Все это время рядом с ней, поддерживая и оберегая, находился красивый юноша в охотничьем костюме отменного покроя, резко отличавшемся от незатейливой одежды буров. Его появление заинтересовало англичан – уж слишком он не походил на поселенца-крестьянина.
При виде юноши печальная улыбка появилась на суровом лице осужденного.
– Мой добрый Давид!.. Вот как нам довелось свидеться! – с горечью воскликнул молодой человек.
– Неужели это вы, мой дорогой мальчик?.. Какая неудача: они все-таки схватили меня – и это конец…
– Погодите отчаиваться, Давид!.. Я попробую потолковать с ними, – произнес юноша.
В следующую минуту он шагнул к членам военно-полевого суда и, не теряя достоинства, обратился к председателю:
– Умоляю вас, сэр, прикажите отсрочить казнь… Сжальтесь над этим человеком, действиями которого руководило лишь чувство патриотизма. Вы сыновья великой нации, так будьте же великодушны!..

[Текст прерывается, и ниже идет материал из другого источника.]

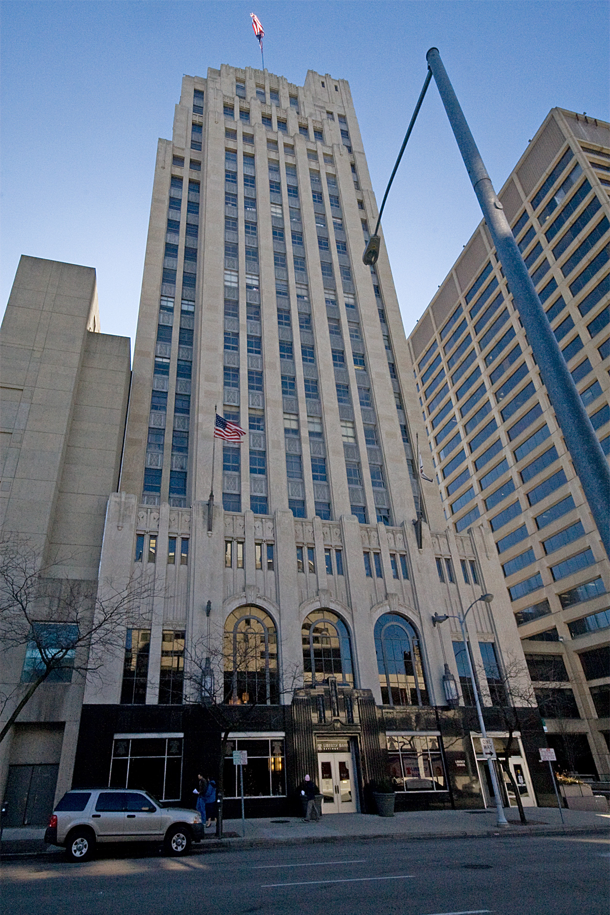 Mutual Home & Savings Association Building in Dayton, Oh. Photo by Greg Hume
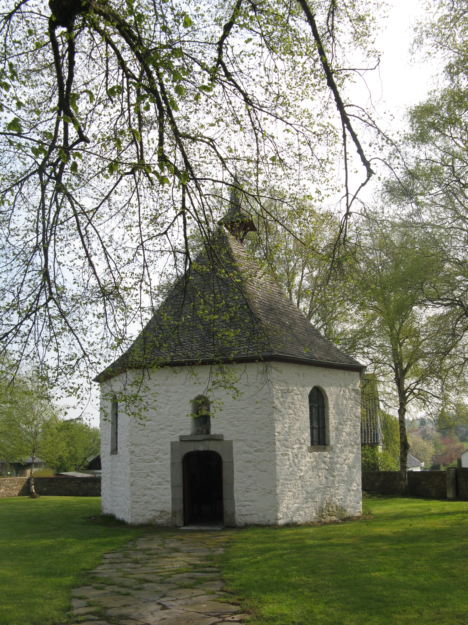 St. Mary's Chapel, Roetgen/Germany
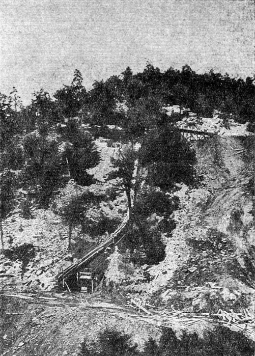 Beshui mine, Crimea.
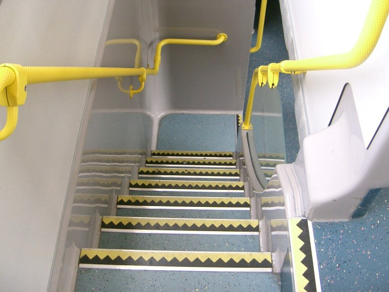 The "straight" staircase of a KMB ATE.
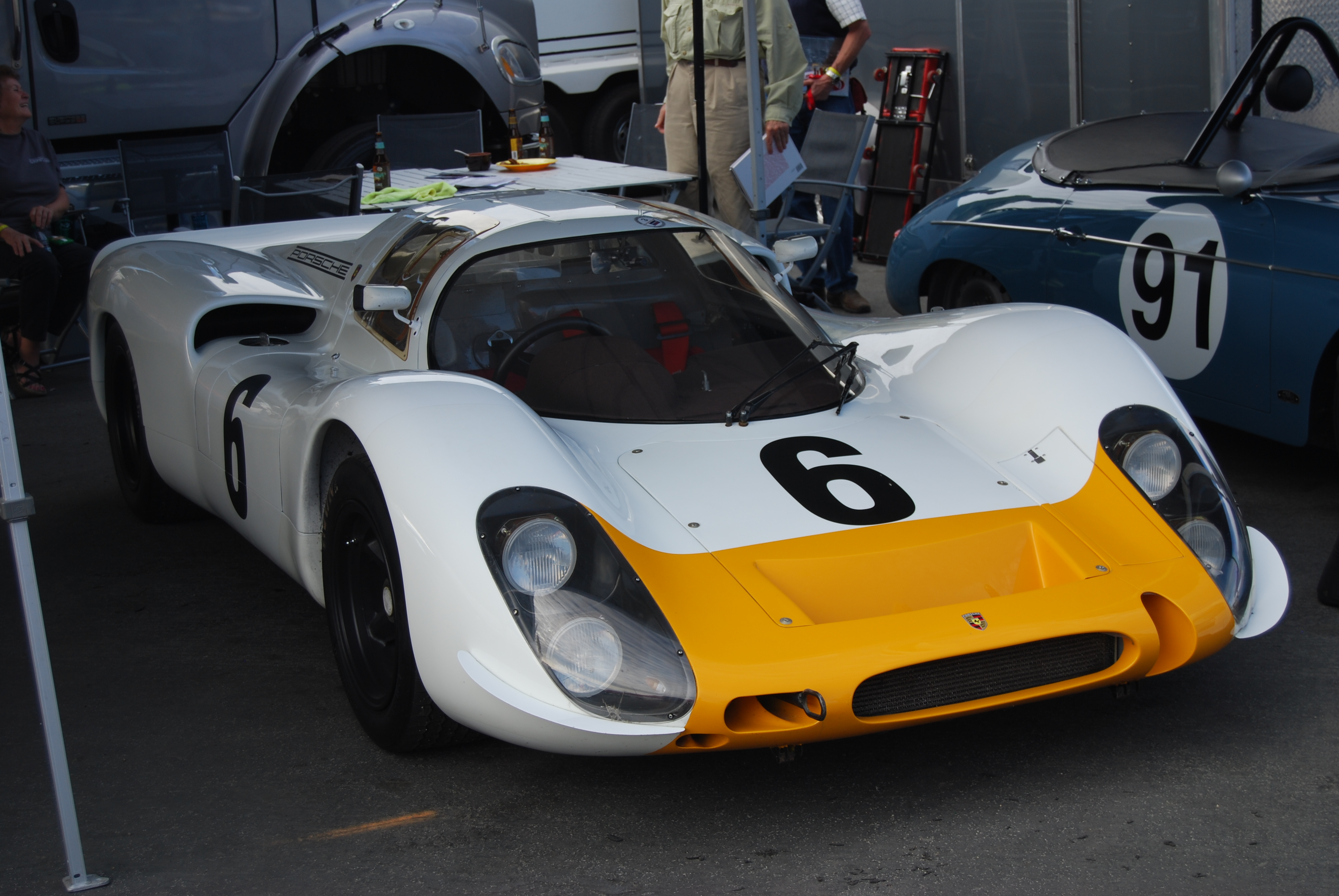 Porsche 908 Coupé (chassis number 908-10)
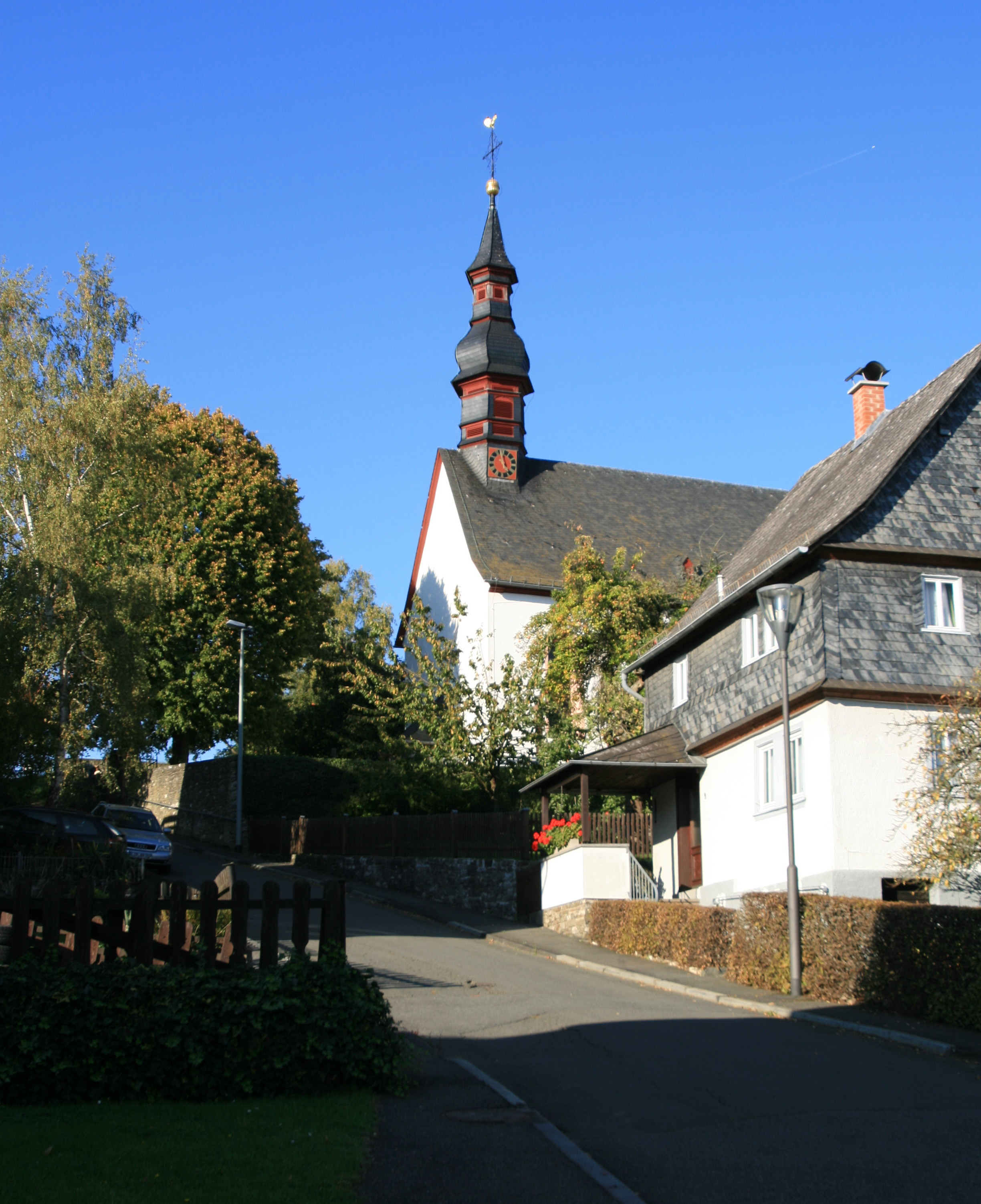 Church St. Nikolaus at Espenschied, Lorch, Germany
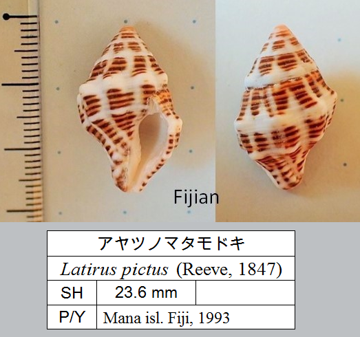 This shell seems not L. belcheri but L. pictus. This was found at Mana isl., Fiji. Shell height is 23.6 mm.
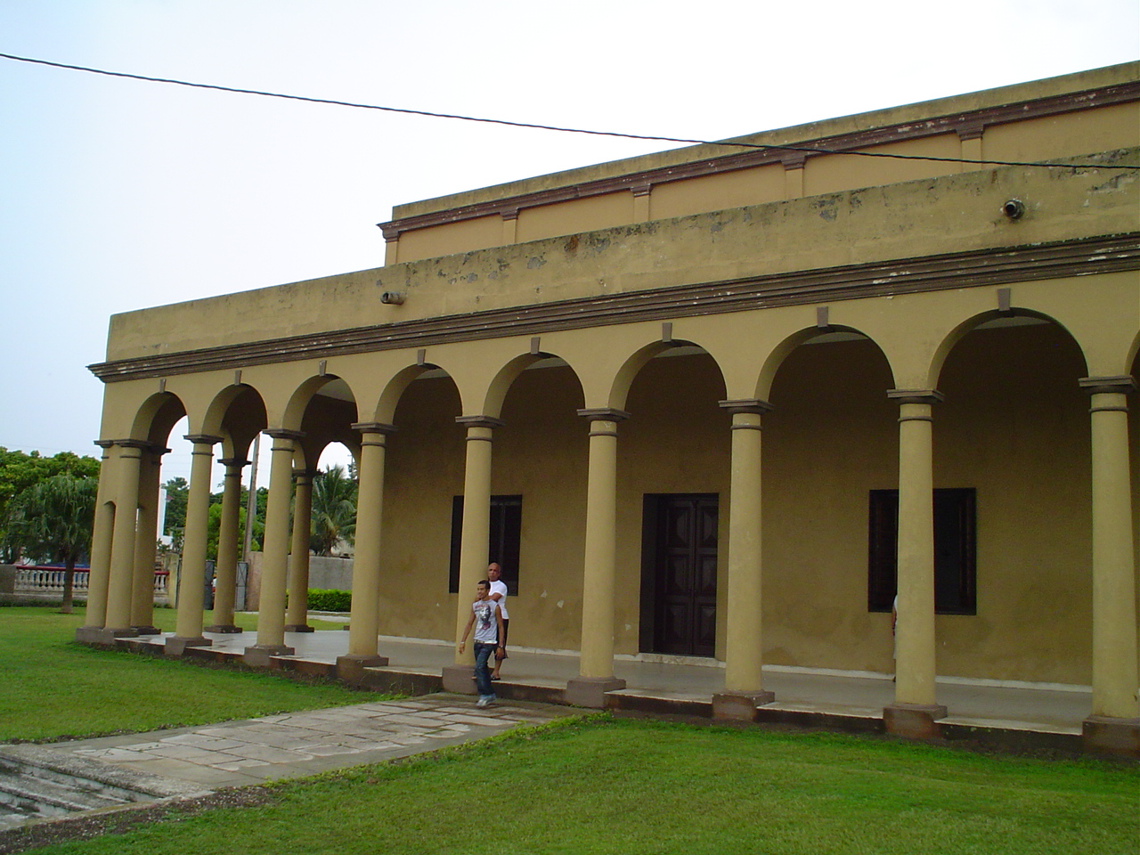 I took the Picture in August 2007

– Мне очень жаль, – ответил полковник, отдавая честь затянутой в перчатку рукой, – но здесь я бессилен.
– Всего несколько дней жизни!.. Только неделю – и я берусь выхлопотать для Давида Поттера помилование.
– Это невозможно. Законный приговор вступил в силу, а все мы – от Ее Величества королевы до последнего рядового – рабы закона.
– Я готов внести залог: десять тысяч франков за каждый день жизни…
– Нет.
– Тогда сто тысяч… Это миллион за десять дней!
– Миллион? Да кто вы, собственно, такой?
– Человек, отвечающий за свои слова, – с вызовом ответил юноша. – Давид Поттер спас мне жизнь, и я готов отдать за него все до последней капли крови!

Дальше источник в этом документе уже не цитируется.